B.  La décision du Ministre était-elle raisonnable?

[25]  L’argument de Gestions Bussey selon lequel la décision du Ministre n’était pas raisonnable est lié à la suspension de son dossier. Gestions Bussey effectue cet argument en trois temps :

  • a) Le Ministre n’a pas raisonnablement considéré le fait que la suspension du dossier de Gestions Bussey a duré six ans;

  • b) Le Ministre n’a pas raisonnablement considéré si Gestions Bussey devait supporter le risque du manque de clarté dans la jurisprudence et le besoin de suspendre son dossier en attente des résultats des cas types;

  • c) Le Ministre n’a pas raisonnablement considéré si Gestions Bussey devait supporter tous les risques reliés à la suspension du dossier de Gestions Bussey pour attendre les cas types alors que les cas types étaient principalement au bénéfice du Ministre.

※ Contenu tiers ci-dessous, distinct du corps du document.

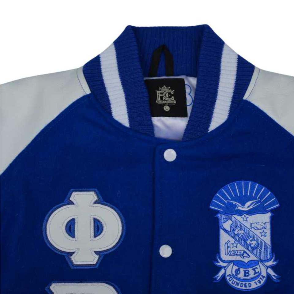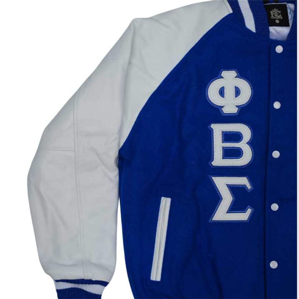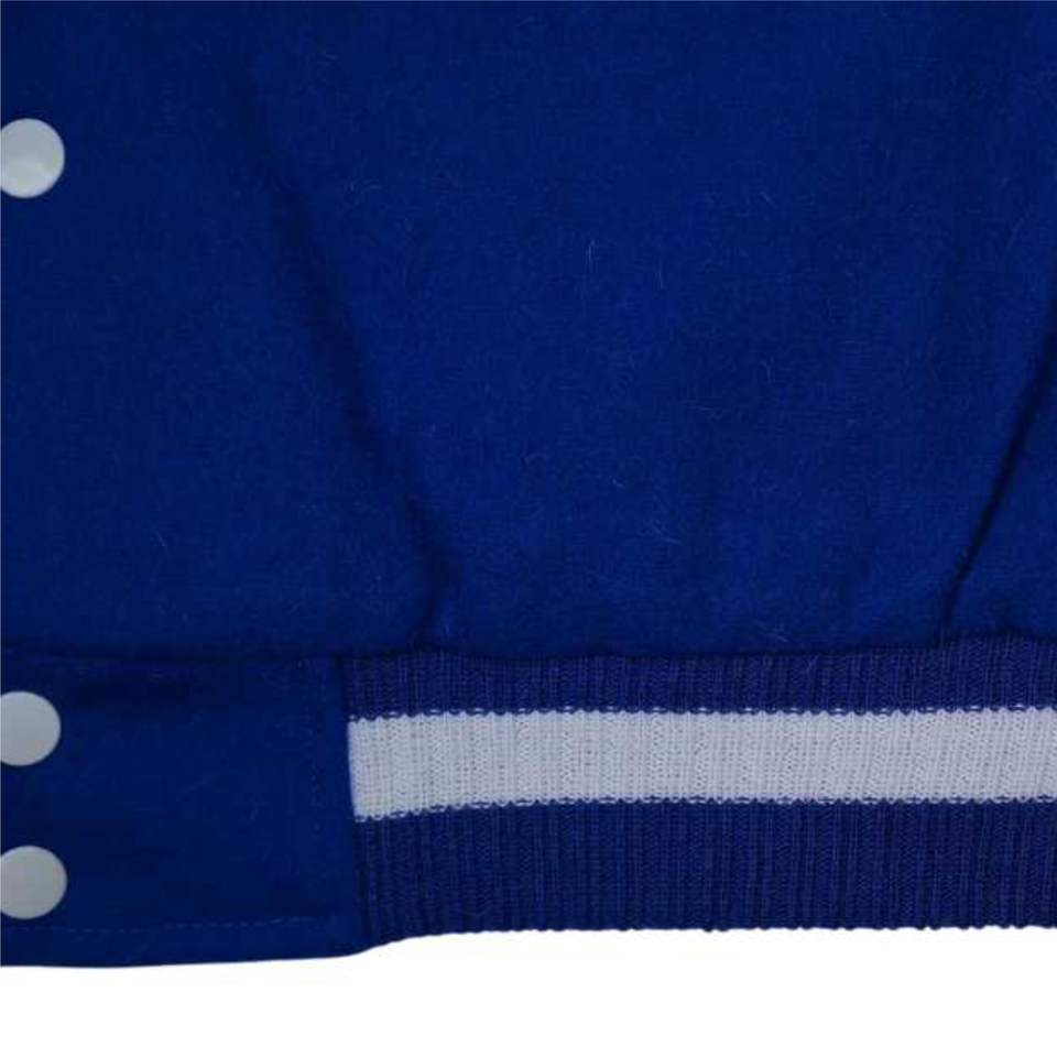 แจ็กเก็ตเลตเตอร์แมนสำหรับผู้ชายผ้าขนสัตว์แคชเมียร์สีน้ำเงินและแขนเสื้อหนังแท้สีขาวเสื้อผ้าเครื่องแต่งกายแบบชาวกรีก

(1)  Six ans de suspension

[26]  Pour appuyer l’argument selon lequel le délai de six ans pour la suspension de son dossier était excessif, Gestions Bussey a fait référence aux décisions suivantes : Succession Dort c Canada (Ministre du Revenu national), 2005 CF 1201 [Dort], et Hillier v Canada (Attorney General), 2001 CAF 197 [Hillier]. La décision du Ministre ne fait pas référence à ces décisions sauf pour indiquer qu’elles ne s’appliquent pas à la situation de Gestions Bussey. Cette dernière soumet donc que cet aspect de l’analyse du Ministre est insuffisant parce qu’elle manque de justification, de transparence et d’intelligibilité.

[27]  Dans Dort, la Cour fédérale a conclu qu’une décision du Ministre refusant d’annuler des frais d’intérêts était déraisonnable parce que le délai dans le traitement du dossier de la demanderesse allait à l’encontre de ses attentes légitimes et parce que le Ministre n’avait pas suivi ses propres procédures. Dans Hillier, un délai de 31 mois a été jugé excessif parce qu’il y avait aucune communication du Ministre pendant 27 mois de ce délai, et la seule justification offerte par le Ministre était qu’il y avait eu des changements de personnel dans son bureau. La Cour d’appel fédérale a conclu que cette explication était insuffisante.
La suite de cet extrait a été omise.